La designación de Rafa Márquez como director técnico de la Selección Mexicana provocó que algunos comentaristas salieran a cuestionar su trayectoria con la misma urgencia que quien descubre que el café ya se enfrió. Javier Alarcón, desde ESPN, aseguró que el nombramiento respondía más a popularidad que a méritos técnicos, como si el currículum del exdefensor se hubiera escrito en servilletas de bar.
Márquez fue confirmado esta semana tras la eliminación en octavos ante Inglaterra, aunque su incorporación ya se había anticipado junto con el regreso de Javier Aguirre. El analista insistió en que no quedó claro quién evaluó su perfil ni si su paso como auxiliar bastaba. Lo que omitió mencionar es que Márquez dirigió dos temporadas al filial del Barcelona, llevando al equipo a playoffs de ascenso en la Primera División RFEF, y antes comandó al Cadete A del Real Alcalá entre 2020 y 2021, periodo en el que obtuvo la licencia UEFA Pro. Esa progresión, lejos de ser un salto improvisado, muestra una ruta ordenada desde el fútbol base español hasta el segundo equipo azulgrana.

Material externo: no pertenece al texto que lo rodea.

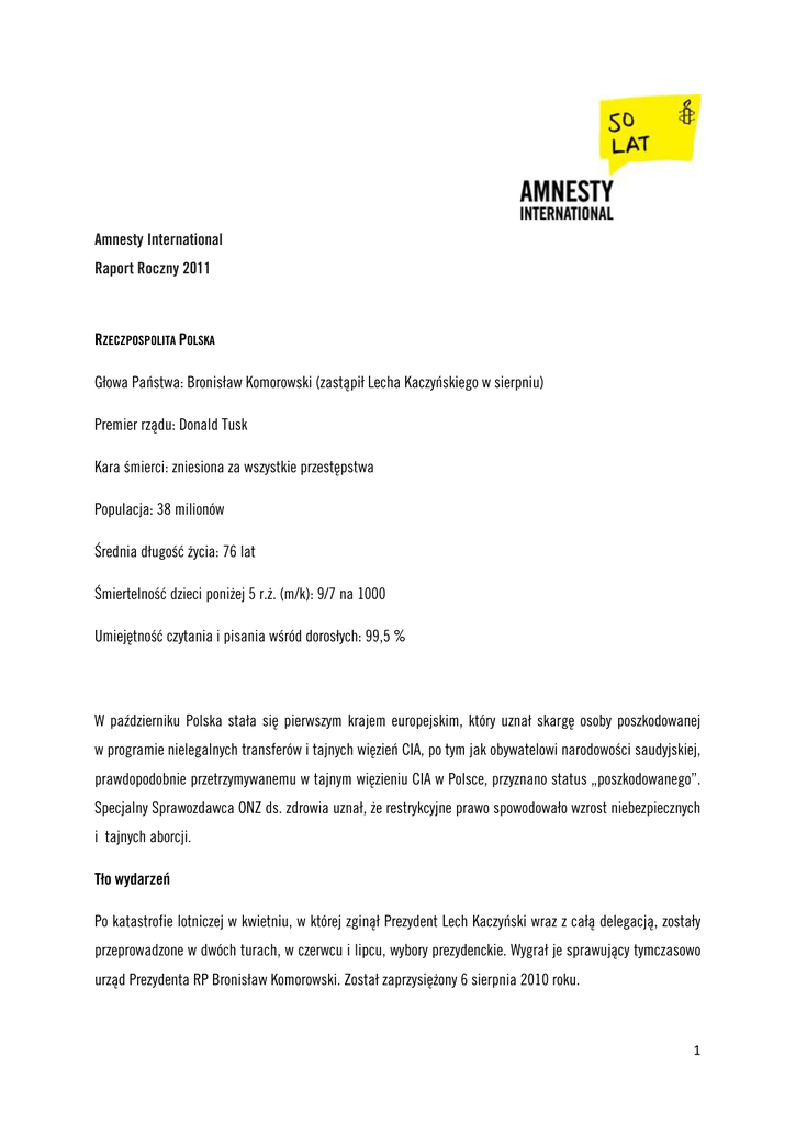 Amnesty International Raport Roczny 2011 RZECZPOSPOLITA POLSKA Głowa Państwa: Bronisław Komorowski (zastąpił Lecha Kaczyńskiego w sierpniu) Premier rządu: Donald Tusk Kara śmierci: zniesiona za wszystkie przestępstwa Populacja: 38 milionów Średnia długość życia: 76 lat Śmiertelność dzieci poniżej 5 r.ż. (m/k): 9/7 na 1000 Umiejętność czytania i pisania wśród dorosłych: 99,5 % W październiku Polska stała się pierwszym krajem europejskim, który uznał skargę osoby poszkodowanej w programie nielegalnych transferów i tajnych więzień CIA, po tym jak obywatelowi narodowości saudyjskiej, prawdopodobnie przetrzymywanemu w tajnym więzieniu CIA w Polsce, przyznano status „poszkodowanego”. Specjalny Sprawozdawca ONZ ds. zdrowia uznał, że restrykcyjne prawo spowodowało wzrost niebezpiecznych i tajnych aborcji. Tło wydarzeń Po katastrofie lotniczej w kwietniu, w której zginął Prezydent Lech Kaczyński wraz z całą delegacją, zostały przeprowadzone w dwóch turach, w czerwcu i lipcu, wybory prezydenckie. Wygrał je sprawujący tymczasowo urząd Prezydenta RP Bronisław Komorowski. Został zaprzysiężony 6 sierpnia 2010 roku. 1 Wojna z terroryzmem i bezpieczeństwo Wciąż trwa dochodzenie prowadzone przez Prokuraturę Apelacyjną w Warszawie w sprawie zaangażowania Polski w program nielegalnych transferów i tajnych więzień CIA. Polska Agencja Żeglugi Powietrznej podała w grudniu 2009 roku informację wskazującą na to, że samoloty latające w ramach tego programu lądowały w Polsce na lotnisku Szymany, niedaleko domniemanych tajnych więzień w Starych Kiejkutach. Dokumenty wydane przez Biuro Straży Granicznej w lipcu potwierdziły, że siedem samolotów używanych w programie nielegalnych transferów CIA wylądowało w Szymanach między grudniem 2002 a wrześniem 2003. Pasażerowie wraz z załogą byli obecni podczas lądowania i startu. We wrześniu, biuro prokuratora potwierdziło, że zbadało oskarżenie wniesione przez Abd al-Rahim al- Nashiri’ego, obywatela narodowości saudyjskiej, obecnie przetrzymywanego w Guantanamo, który twierdzi, że był przetrzymywany w tajnym więzieniu CIA na terenie Polski. W październiku przyznano mu status „poszkodowanego”; jest to pierwsza skarga w sprawie programu nielegalnych transferów i tajnych więzień CIA, uznana przez instytucję w państwie Unii Europejskiej. W grudniu, prawnicy współpracujący z organizacjami pozarządowymi Reprieve i Interights złożyli w imieniu Abu Zubajdy skargę za przestępstwa popełnione podczas przetrzymywania go przez CIA na terytorium Polski. Skarga zawierała żądanie Abu Zubajdy o formalne uznanie go za ofiarę tortur i nielegalnego zatrzymania. Po otrzymaniu statusu poszkodowanego, Abd al-Nashiri, Abu Zubajda i ich prawnicy otrzymali dostęp do aktów śledztwa prowadzonego przez prokuratorai pozwolono im na wzięcie udziału w śledztwie. W październiku Komitet Praw Człowieka wezwał polskie władze do zapewnienia, że dochodzenie w sprawie domniemanego zaangażowania urzędników w program nielegalnych transferów i tajnych więzień CIA, ma wszelkie upoważnienia niezbędne do wzywania świadków i otrzymywania dokumentacji. 17 września, działając zgodnie z międzynarodowym nakazem aresztowania wydanym przez władze rosyjskie, policja w Warszawie aresztowała Czeczena Akhmeda Zakajewa. W następstwie aresztowania, Rosja zażądała ekstradycji Akhmeda Zakajewa, powołując się na jego zaangażowanie w akcje terrorystyczne. 18 września, Warszawski Sąd Okręgowy, nakazał jego uwolnienie biorąc pod uwagę status uchodźcy, jaki otrzymał w Wielkiej Brytanii. Prokurator rejonowy zaskarżył tę decyzję. W październiku sąd apelacyjny podtrzymał decyzję o uwolnieniu Akhmeda Zakajewa, który wrócił do Anglii. 23 grudnia sąd rejonowy zaprzestał procedur ekstradycyjnych z powodów nieobecności Akhmeda Zakajewa na terytorium Polski. 2 Dyskryminacja Po latach przygotowań parlament przyjął w grudniu ustawę antydyskryminacyjną. Jednakże organizacje pozarządowe skrytykowały jej ograniczony katalog przesłanek, na podstawie których dyskryminacja jest zakazana. Są to tożsamość płciowa, poglądy polityczne czy np. stan cywilny. Organizacje wyraziły również zaniepokojenie faktem, że zamiast utworzenia nowego niezależnego biura do monitowania i promowania nowej ustawy, instytucją za to odpowiedzialną byłby Rzecznik Praw Obywatelskich. Prawa seksualne i reprodukcyjne Specjalny Sprawozdawca ONZ ds. prawa do zdrowia podkreślił w maju, że ustawa dotycząca planowania rodziny, która unieważniła ekonomiczne i socjalne powody, jako podstawy do prawnego przerwania ciąży, spowodowała wzrost niebezpiecznych i podziemnych aborcji. W październiku Komitet Praw Człowieka wyraził zaniepokojenie z powodu tego, że wielu kobietom odmówiono dostępu do usług zdrowia reprodukcyjnego, w tym prawa do legalnego przerwania ciąży. Organizacje monitorujące przestrzeganie praw człowieka wskazały przepis w ustawie mówiący o „klauzuli sumienia”, który daje personelowi medycznemu prawo do odmowy przeprowadzenia niektórych procedur, jako przeszkodę w dostępnie do praw reprodukcyjnych. Według raportu przyjętego we wrześniu przez Komitet ds. Społecznych, Zdrowia i Rodziny Zgromadzenia Parlamentarnego Rady Europy, polskim instytucjom zdrowotnym brakowało formalnych przepisów dotyczących stosowania „klauzuli sumienia”. W raporcie wyrażono zaniepokojenie, że ten paragraf jest nadużywany przez zarządy szpitali, które często przyjmowały niepisane zasady postępowania zakazujące niektórych interwencji, w tym aborcji. Sprawa kobiety w ciąży, która zmarła na skutek szoku septycznego po tym, jak odmówiono jej opieki diagnostycznej i leczenia w kilku szpitalach, ze strachu przed ryzykowaniem życia płodu, czeka na zbadanie przez Europejski Trybunał ds. Praw Człowieka. Nadużycie siły W październiku, Komitet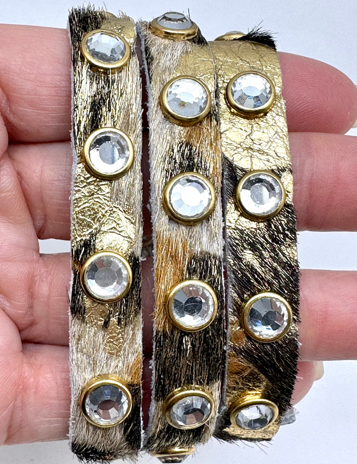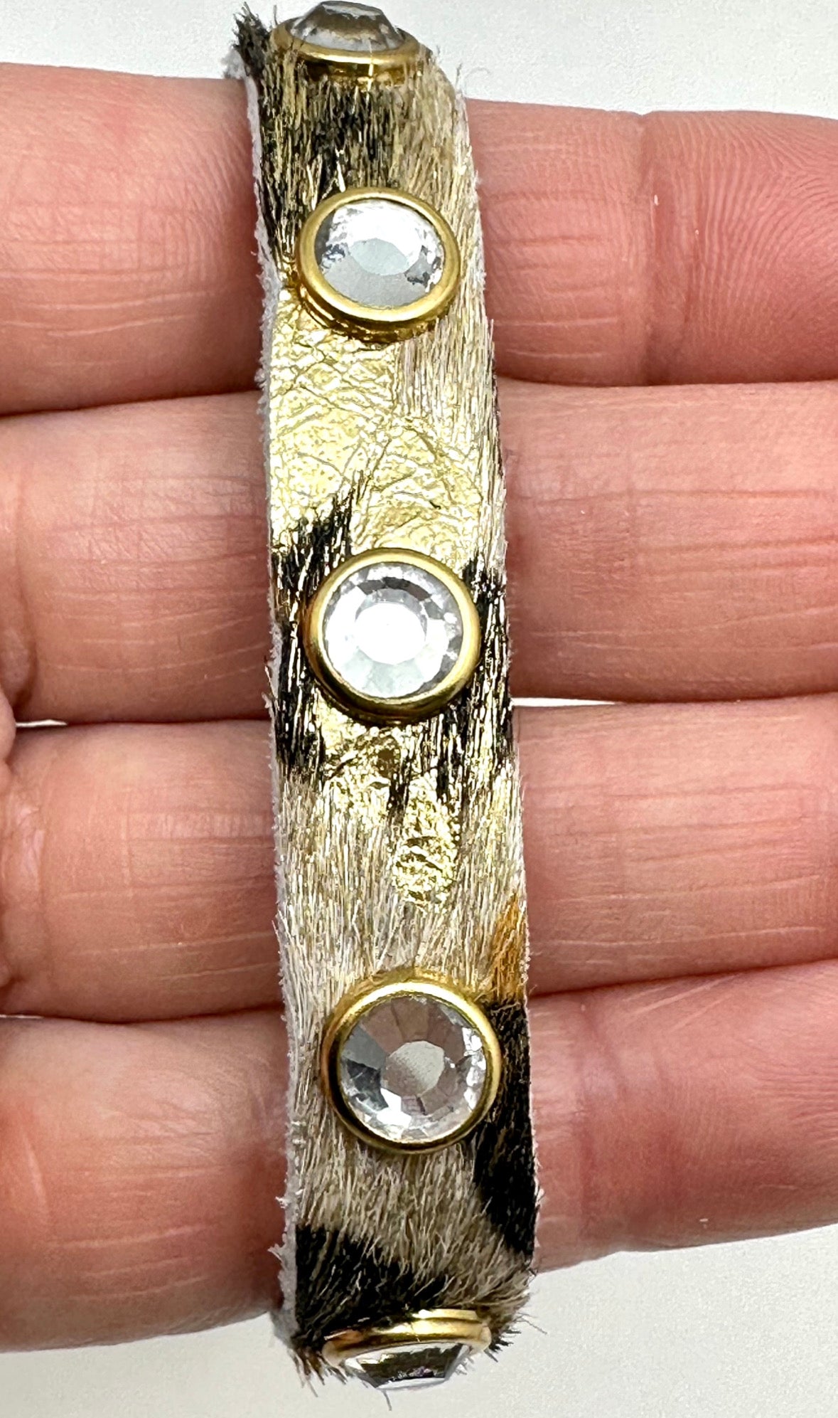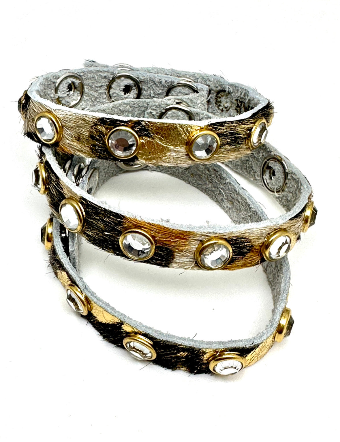 Cheetah Metallic 1/2” Snap Leather with Zircon Gemstone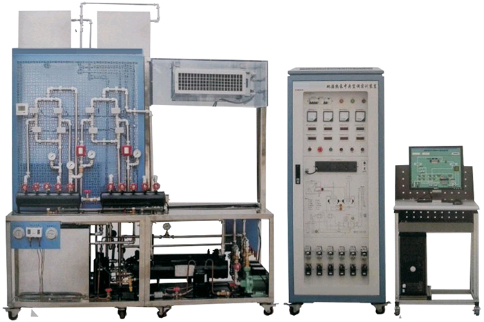 地源熱泵空調系統由制冷機組、模擬水井、空調系統、生活衛生供水系統、控制系統、實(shí)訓臺等組成。實(shí)訓臺采用不銹鋼底架結構,結構堅固,造型美觀(guān)大方;桌面用于安裝電源控制屏并提供一個(gè)寬敞舒適的工作臺面。

La Selección Mexicana retomará actividad entre el 21 de septiembre y el 6 de octubre durante la próxima Fecha FIFA. El ciclo incluye Copa Oro y Nations League en 2029, Juegos Olímpicos de Los Ángeles en 2028 y el Mundial 2030 como objetivo principal. Márquez heredó un proyecto que ya contempla la renovación generacional y la preparación de talento sub-23, sin necesidad de esperar aprobaciones de tribuna.
Mientras tanto, las críticas parecen más interesadas en captar atención que en analizar el trabajo ya realizado en las categorías inferiores. El nuevo ciclo arrancará con la misma calma que un defensa que sabe esperar el momento exacto para cortar el balón.